### Try it
Could you print every record below exactly as it appears?

### Data entries
::::::::::

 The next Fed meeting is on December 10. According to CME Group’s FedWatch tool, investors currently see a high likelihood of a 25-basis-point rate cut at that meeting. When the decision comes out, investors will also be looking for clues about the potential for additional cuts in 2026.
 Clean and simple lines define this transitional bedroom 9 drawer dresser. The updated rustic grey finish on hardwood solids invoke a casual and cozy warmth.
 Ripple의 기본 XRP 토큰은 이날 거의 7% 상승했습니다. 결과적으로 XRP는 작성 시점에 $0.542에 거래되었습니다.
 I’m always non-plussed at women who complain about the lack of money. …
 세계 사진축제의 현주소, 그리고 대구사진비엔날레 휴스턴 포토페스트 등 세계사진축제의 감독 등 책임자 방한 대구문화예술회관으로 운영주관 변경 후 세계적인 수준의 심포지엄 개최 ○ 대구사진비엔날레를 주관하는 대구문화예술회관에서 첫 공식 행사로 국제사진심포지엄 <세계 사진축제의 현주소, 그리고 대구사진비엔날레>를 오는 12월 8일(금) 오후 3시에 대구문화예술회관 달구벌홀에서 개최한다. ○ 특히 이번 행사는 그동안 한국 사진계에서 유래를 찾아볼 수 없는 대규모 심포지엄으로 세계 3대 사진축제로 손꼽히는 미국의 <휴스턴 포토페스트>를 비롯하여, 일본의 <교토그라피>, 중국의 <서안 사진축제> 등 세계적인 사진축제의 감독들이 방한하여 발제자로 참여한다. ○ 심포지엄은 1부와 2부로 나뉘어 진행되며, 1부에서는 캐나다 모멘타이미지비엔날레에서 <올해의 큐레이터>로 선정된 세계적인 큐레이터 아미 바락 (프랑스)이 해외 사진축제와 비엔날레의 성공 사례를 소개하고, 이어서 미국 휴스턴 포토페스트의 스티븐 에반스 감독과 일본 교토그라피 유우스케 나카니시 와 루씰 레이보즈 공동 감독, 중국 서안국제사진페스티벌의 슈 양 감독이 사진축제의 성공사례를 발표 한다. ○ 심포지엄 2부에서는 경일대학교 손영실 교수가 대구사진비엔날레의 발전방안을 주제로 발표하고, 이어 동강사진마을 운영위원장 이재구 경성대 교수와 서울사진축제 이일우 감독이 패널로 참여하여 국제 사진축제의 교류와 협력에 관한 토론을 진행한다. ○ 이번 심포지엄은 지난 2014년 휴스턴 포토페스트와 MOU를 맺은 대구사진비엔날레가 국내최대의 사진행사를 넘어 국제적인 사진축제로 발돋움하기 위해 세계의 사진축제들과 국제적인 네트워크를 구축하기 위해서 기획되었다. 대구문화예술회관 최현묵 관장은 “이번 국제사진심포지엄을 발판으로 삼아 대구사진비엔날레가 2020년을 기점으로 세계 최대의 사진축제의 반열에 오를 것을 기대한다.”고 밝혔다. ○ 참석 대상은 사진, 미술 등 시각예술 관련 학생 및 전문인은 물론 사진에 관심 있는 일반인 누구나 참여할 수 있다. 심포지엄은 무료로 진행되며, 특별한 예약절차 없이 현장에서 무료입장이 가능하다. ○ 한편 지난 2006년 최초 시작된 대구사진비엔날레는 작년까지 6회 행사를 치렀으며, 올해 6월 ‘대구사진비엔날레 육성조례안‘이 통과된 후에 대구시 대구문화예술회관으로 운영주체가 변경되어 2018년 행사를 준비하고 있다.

::::::::::

### Solution to this problem
 The next Fed meeting is on December 10. According to CME Group’s FedWatch tool, investors currently see a high likelihood of a 25-basis-point rate cut at that meeting. When the decision comes out, investors will also be looking for clues about the potential for additional cuts in 2026.
 Clean and simple lines define this transitional bedroom 9 drawer dresser. The updated rustic grey finish on hardwood solids invoke a casual and cozy warmth.
 Ripple의 기본 XRP 토큰은 이날 거의 7% 상승했습니다. 결과적으로 XRP는 작성 시점에 $0.542에 거래되었습니다.
 I’m always non-plussed at women who complain about the lack of money. …
 세계 사진축제의 현주소, 그리고 대구사진비엔날레 휴스턴 포토페스트 등 세계사진축제의 감독 등 책임자 방한 대구문화예술회관으로 운영주관 변경 후 세계적인 수준의 심포지엄 개최 ○ 대구사진비엔날레를 주관하는 대구문화예술회관에서 첫 공식 행사로 국제사진심포지엄 <세계 사진축제의 현주소, 그리고 대구사진비엔날레>를 오는 12월 8일(금) 오후 3시에 대구문화예술회관 달구벌홀에서 개최한다. ○ 특히 이번 행사는 그동안 한국 사진계에서 유래를 찾아볼 수 없는 대규모 심포지엄으로 세계 3대 사진축제로 손꼽히는 미국의 <휴스턴 포토페스트>를 비롯하여, 일본의 <교토그라피>, 중국의 <서안 사진축제> 등 세계적인 사진축제의 감독들이 방한하여 발제자로 참여한다. ○ 심포지엄은 1부와 2부로 나뉘어 진행되며, 1부에서는 캐나다 모멘타이미지비엔날레에서 <올해의 큐레이터>로 선정된 세계적인 큐레이터 아미 바락 (프랑스)이 해외 사진축제와 비엔날레의 성공 사례를 소개하고, 이어서 미국 휴스턴 포토페스트의 스티븐 에반스 감독과 일본 교토그라피 유우스케 나카니시 와 루씰 레이보즈 공동 감독, 중국 서안국제사진페스티벌의 슈 양 감독이 사진축제의 성공사례를 발표 한다. ○ 심포지엄 2부에서는 경일대학교 손영실 교수가 대구사진비엔날레의 발전방안을 주제로 발표하고, 이어 동강사진마을 운영위원장 이재구 경성대 교수와 서울사진축제 이일우 감독이 패널로 참여하여 국제 사진축제의 교류와 협력에 관한 토론을 진행한다. ○ 이번 심포지엄은 지난 2014년 휴스턴 포토페스트와 MOU를 맺은 대구사진비엔날레가 국내최대의 사진행사를 넘어 국제적인 사진축제로 발돋움하기 위해 세계의 사진축제들과 국제적인 네트워크를 구축하기 위해서 기획되었다. 대구문화예술회관 최현묵 관장은 “이번 국제사진심포지엄을 발판으로 삼아 대구사진비엔날레가 2020년을 기점으로 세계 최대의 사진축제의 반열에 오를 것을 기대한다.”고 밝혔다. ○ 참석 대상은 사진, 미술 등 시각예술 관련 학생 및 전문인은 물론 사진에 관심 있는 일반인 누구나 참여할 수 있다. 심포지엄은 무료로 진행되며, 특별한 예약절차 없이 현장에서 무료입장이 가능하다. ○ 한편 지난 2006년 최초 시작된 대구사진비엔날레는 작년까지 6회 행사를 치렀으며, 올해 6월 ‘대구사진비엔날레 육성조례안‘이 통과된 후에 대구시 대구문화예술회관으로 운영주체가 변경되어 2018년 행사를 준비하고 있다.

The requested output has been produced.